### Provided data
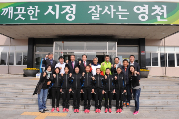 몽골 여자고등부 마라톤팀은 3월30일 경주에서 열린 코오롱 고교 구간 마라톤 대회에 참가 한 후 영천시청을 방문해 스포츠를 통한 두 지역간의 우의를 다졌다.
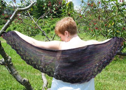 The border crossing I take when I visit home in Alberta is at Sweetgrass, Montana, home of the Sweetgrass Hills, which rise from the surrounding sweetgrass covered prairie. The lace border is worked first, then the short-row body; then a simple garter edging.
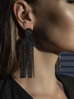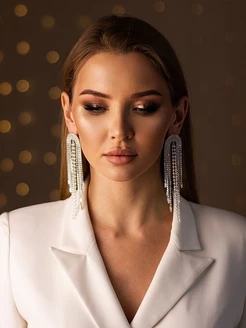 Серьги гвоздики длинные вечерние со стразами и жемчугом
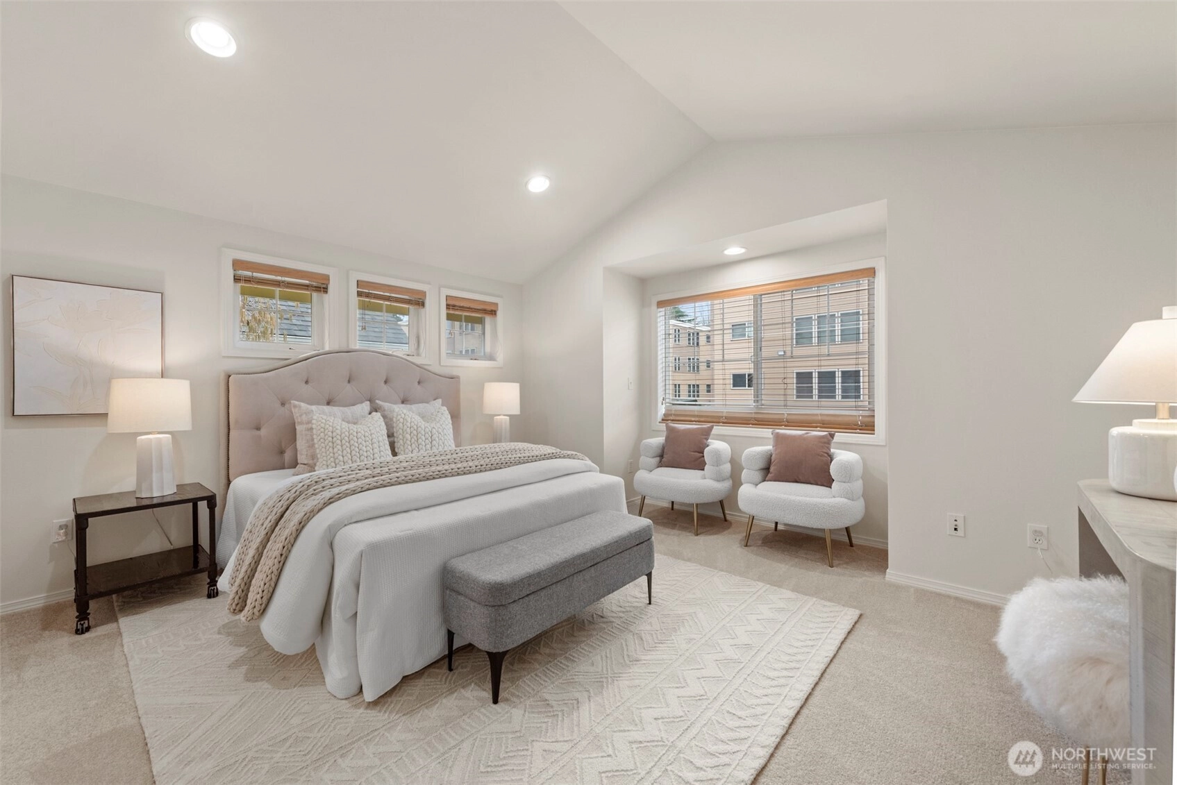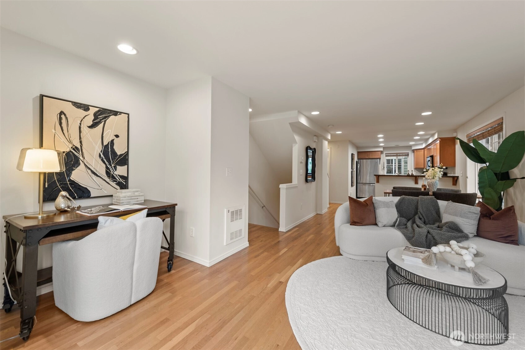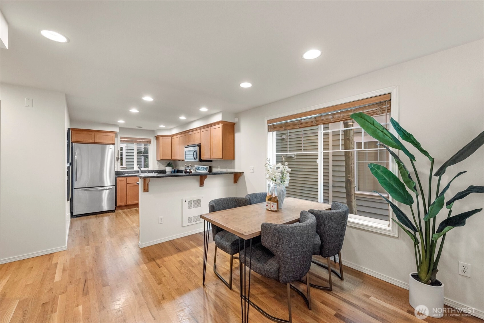 Well-located 3-bedroom townhome with an attached garage in a convenient North Seattle location. Close to Northgate, major transit options, and the future light rail, with easy access to I-5, downtown Seattle, and the University of Washington.This corner unit gets great natural light and offers a comfortable, easy-to-live-in layout. The main living area has a nice open feel, making it great for both everyday living and having friends over. Recent updates include fresh interior paint and new flooring, so it’s truly move-in ready.Upstairs, the primary suite features vaulted ceilings with skylights, a private bathroom, and a walk-in closet. The additional bedrooms work well for guests, a home office, or whatever fits your needs.The home also features a fully fenced patio with terraced garden space—perfect for relaxing, gardening, or setting up a cozy outdoor seating area. A great combination of location, natural light, and practical living space.

### Exercise objective
What belongs in the answer is each line above from the line with "The border crossing" to the line with "Серьги гвоздики длинные", inclusive, reproduced exactly and free of pictures.

### Answer box
 The border crossing I take when I visit home in Alberta is at Sweetgrass, Montana, home of the Sweetgrass Hills, which rise from the surrounding sweetgrass covered prairie. The lace border is worked first, then the short-row body; then a simple garter edging.
 Серьги гвоздики длинные вечерние со стразами и жемчугом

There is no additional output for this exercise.